Cegah Korban Jiwa Pemkot Minta Warga Segera Laporkan Kediaman Rawan Roboh di Bantaran Sungai

Wakil Wali Kota Pontianak Bahasan berdialog dengan Ani (57), pemilik rumah yang roboh, sekaligus menyerahkan bantuan sandang dan pangan. (Dok. HO/Faktanasional)

FAKTANASIONAL.NET – Pemerintah Kota Pontianak menginstruksikan pendataan menyeluruh terhadap rumah rawan roboh di bantaran sungai menyusul insiden ambruknya kediaman warga di Kelurahan Sungai Beliung.

Instruksi ini ditegaskan langsung oleh Wakil Wali Kota Pontianak Bahasan saat memimpin peninjauan ke lokasi reruntuhan pada Selasa (7/7/2026).

Kegiatan inspeksi lapangan tersebut melibatkan jajaran kecamatan, kelurahan, Dinas Perumahan Rakyat dan Kawasan Permukiman, Dinas Sosial, serta Badan Penanggulangan Bencana Daerah.

“Insyaallah rumah ini akan segera diperbaiki melalui Dinas Perkim. Kami berharap kejadian seperti ini tidak terulang kembali,” ujarnya saat meninjau lokasi.

Pemerintah daerah berkomitmen untuk mempercepat proses penanganan perbaikan karena kondisi fisik bangunan sudah hancur total dan tidak dapat dihuni kembali.

Pemerintah sebelumnya telah menawarkan fasilitas unit rumah susun sederhana sewa sebagai tempat relokasi sementara, namun korban memilih tinggal bersama kerabatnya.

Guna mencegah kejadian serupa, aparat kewilayahan diminta lebih proaktif mengawasi infrastruktur hunian, terutama rumah rawan roboh di bantaran sungai.

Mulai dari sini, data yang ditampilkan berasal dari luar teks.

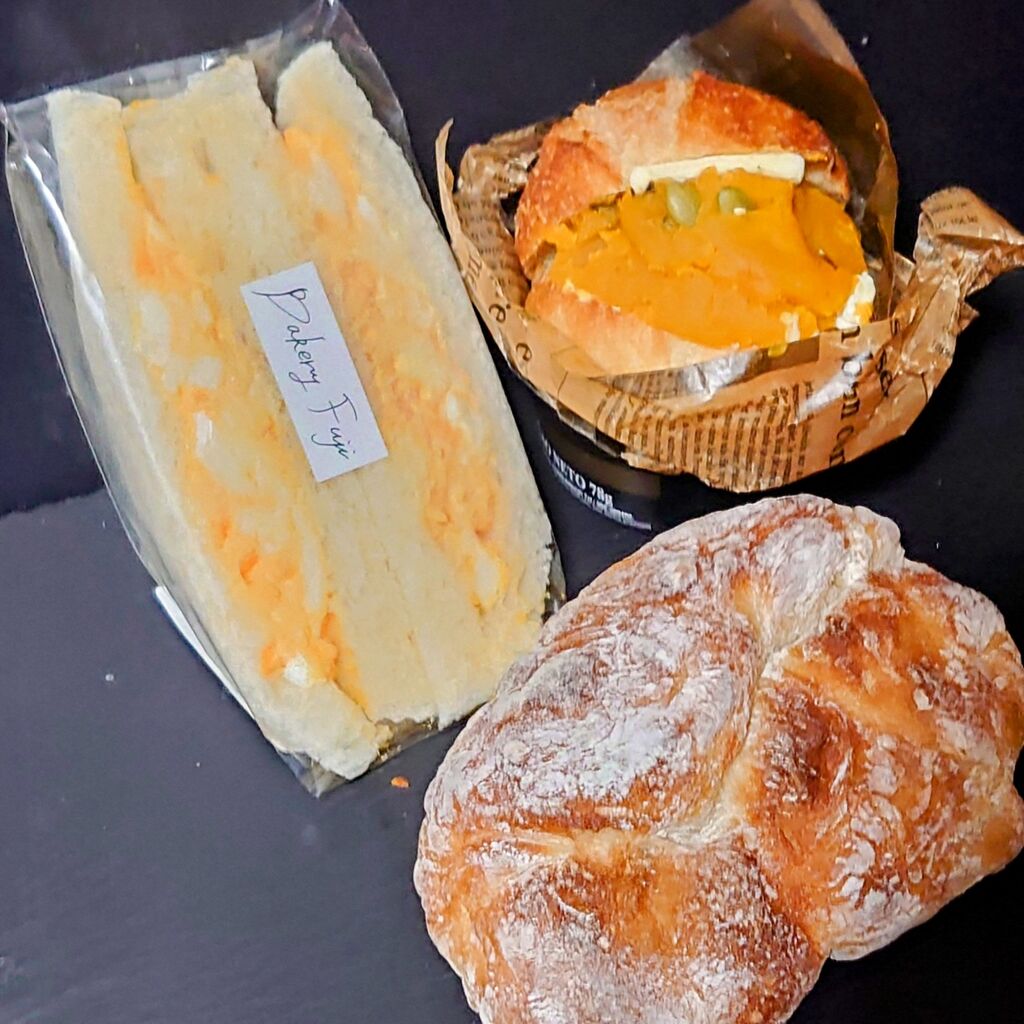 栃木市へ来た時にお店が定休日でなければまずない伺う『ベーカリーFuji』さんです(*^^*)。。。今日も定番【たまごサンド¥260】【カボチャ餡とクリチ¥216】【国産小麦のリュステルック¥120】を購入しました(^o^)/♪ヽ(´▽`)/(*´∀`)♪。。。「たまごサンド」は言うまでもなくタップリのたまごサラダが入るお気にの逸品「カボチャ餡とクリチ」は季節限定商品で、甘いカボチャ餡とクリームチーズの塩味がコラボーレショーンが秀悦な逸品「国産小麦のリュステリック」は、素朴な形のパンです。吸水多めでモチモチ生地の風味が強く、外はパリッと中はしっとりとした食感で旨々です(*´ω`*)。。。グランドメニューの他に季節ごとに販売されるメニュー、新作メニューと色々な美味しいパンとの出合いが楽しい『ベーカリーFuji』さん!お勧めのベーカリーです( ^-^)ノ∠※。.:*:・'°☆

Masyarakat juga diimbau untuk segera melapor kepada ketua rukun tetangga, lurah, atau instansi terkait jika menemukan struktur tiang kediaman yang mulai lapuk maupun miring.

“Kami mengharapkan kerja sama masyarakat. Jangan menunggu sampai terjadi musibah. Jika kondisi rumah sudah mengkhawatirkan, segera laporkan agar bisa ditindaklanjuti,” katanya.

Keterlambatan penanganan pada hunian yang kritis dinilai sangat berbahaya karena berpotensi besar menimbulkan korban jiwa secara tiba-tiba.

Bahasan secara khusus meminta para lurah untuk langsung menyisir kawasan pesisir sungai guna memetakan potensi bahaya sedini mungkin.

Langkah mitigasi ini difokuskan pada pengecekan kualitas fondasi kayu penyangga yang sangat rentan mengalami penurunan fungsi akibat faktor abrasi air sungai.

Sinergi pelaporan antara warga dan pemerintah menjadi kunci krusial dalam memastikan keamanan lingkungan di kawasan permukiman padat penduduk tersebut.